Pero aún queda mucho por decir. Se pone cada vez mejor.

Cristo el Tesoro

Dios llega no solo para salvarnos del pecado y de la muerte, sino para rescatarnos para él mismo. Cristo llega y pagará el máximo precio en el sufrimiento y la muerte «para llevarnos a Dios» (1 Pedro 3:18); resucitado, él sería nuestro supremo gozo (Salmo 43:4) detrás de estas buenas nuevas de gran gozo (Lucas 2:10).

Según el puritano Thomas Goodwin, existen «fines superiores» al hecho de ser Dios en la carne y que este venga a salvar a su gente.
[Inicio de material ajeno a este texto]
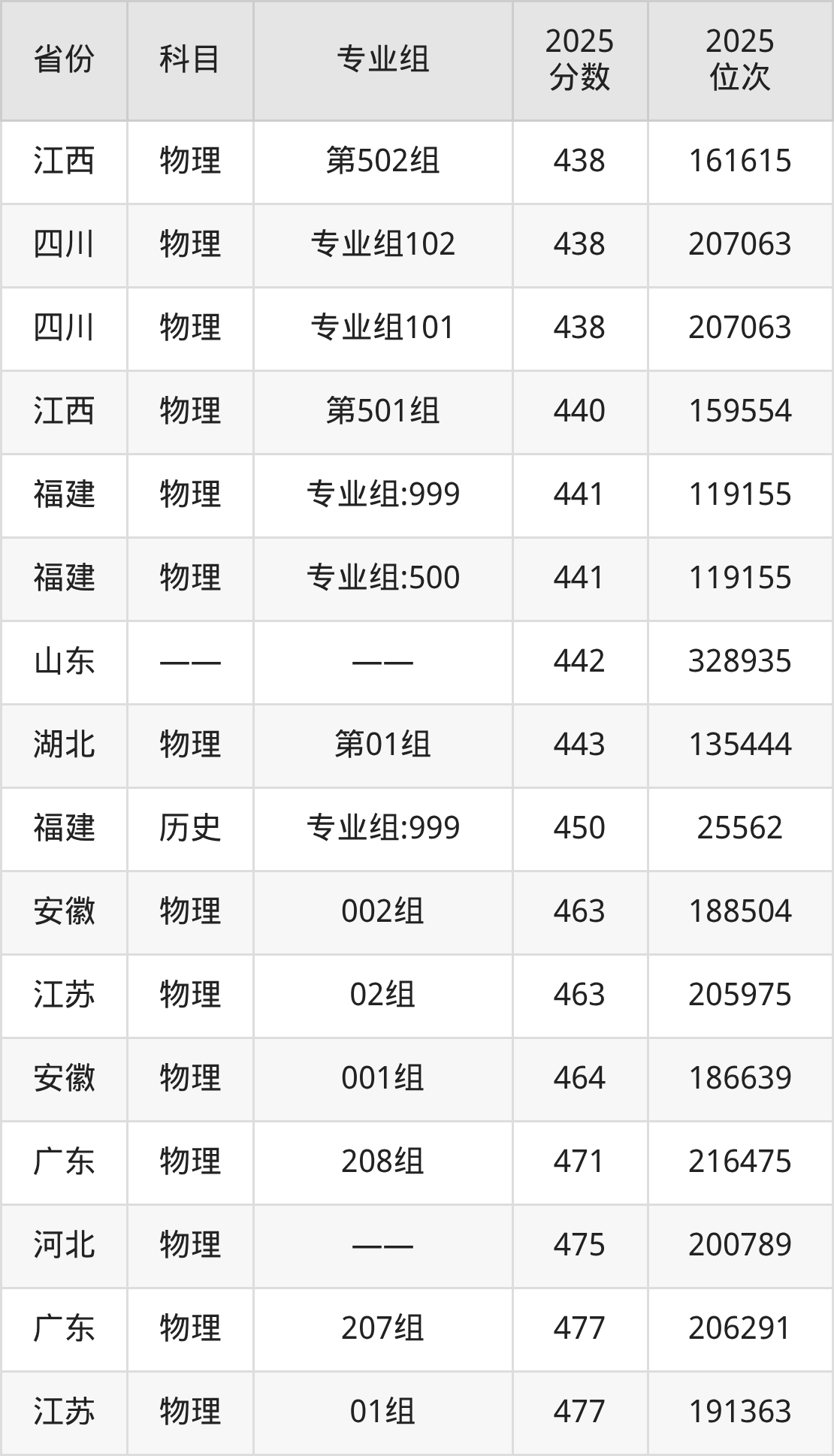 物理类:2025年厦门华厦学院省内录取最低分是441分,对应的位次排名是119155名。建议:如果2026年排名超过119155名,那么被该校录取的概率较大。
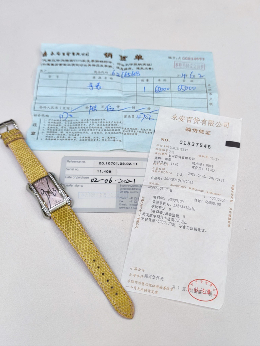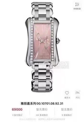 宝齐莱粉盘00.10701.08.92.11雅丽嘉系列 石英机芯 表径20x30女士腕表 精钢镶钻 少女心粉色盘面2021年6月永安百货购入大全套双皮带 可替换 专柜65000元~

Todos los beneficios alcanzados en su vida y su muerte «son mucho más inferiores que el regalo de su persona a nosotros, y mucho más la gloria de su persona. Su persona es de infinito más valor que lo que todos pueden ser» (citado en Jesucristo, 3).

Jesús, en sí mismo, es el gran gozo que hace que todos los gozos relacionados de nuestra salvación sean inmensos. Cristo resucitado es el tesoro escondido en el campo (Mateo 13:44). Es la perla de gran valor (Mateo 13:45-46). No es solo Dios con nosotros, no está aquí solo para salvarnos, sino que es nuestro mayor gozo, el excelso Tesoro que satisfará por siempre nuestras almas humanas como solo el divino Cristo humano puede hacerlo.

Cristo la Gloria

Pero Navidad no concluye en nuestros gozos. El mensajero se une con el anfitrión celestial: «Gloria a Dios en las alturas, y en la tierra paz entre los hombres en quienes Él se complace» (Lucas 2:14).

Llámala Hedonismo navideño, si quieres. El gozo que nos trajo en persona como el hombre Dios es el que se ajusta al gran propósito de toda creación y lo completa. Navidad ofrece la electricidad del gozo que circula por las redes de toda realidad.

Goodwin comenta: «El principal propósito de Dios no era traernos a Cristo al mundo, sino traernos para Cristo […] y Dios ideó un plan para todo lo que sucede, incluso para la redención misma, para emprender la gloria de Cristo». Mark Jones explica detalladamente qué significa que Jesús no sea solo Señor y Salvador, sino también Tesoro:

La gloria de Cristo no es un apéndice […] Ya que es la finalización de todo lo que podemos decir acerca de su persona y de su trabajo; por ello, la gloria brinda la razón más básica para decirlo, en el sentido que es su fundamento y la plenitud de que gocemos eternamente de él  […] no decimos toda la verdad si ponemos la gloria personal de Cristo al servicio de nuestra salvación. (Jesucristo, 4).

El niño de Navidad es más que Señor. Es incluso más que Salvador. Es nuestro gran Tesoro. En «nuestro gozar eterno de él» yace su gloria y el propósito por el cual Dios creó el mundo. Al final, Navidad no se trata de su nacimiento para nuestra salvación, sino de nuestra existencia para su gloria.

Fuiste hecho para el gran gozo de Navidad.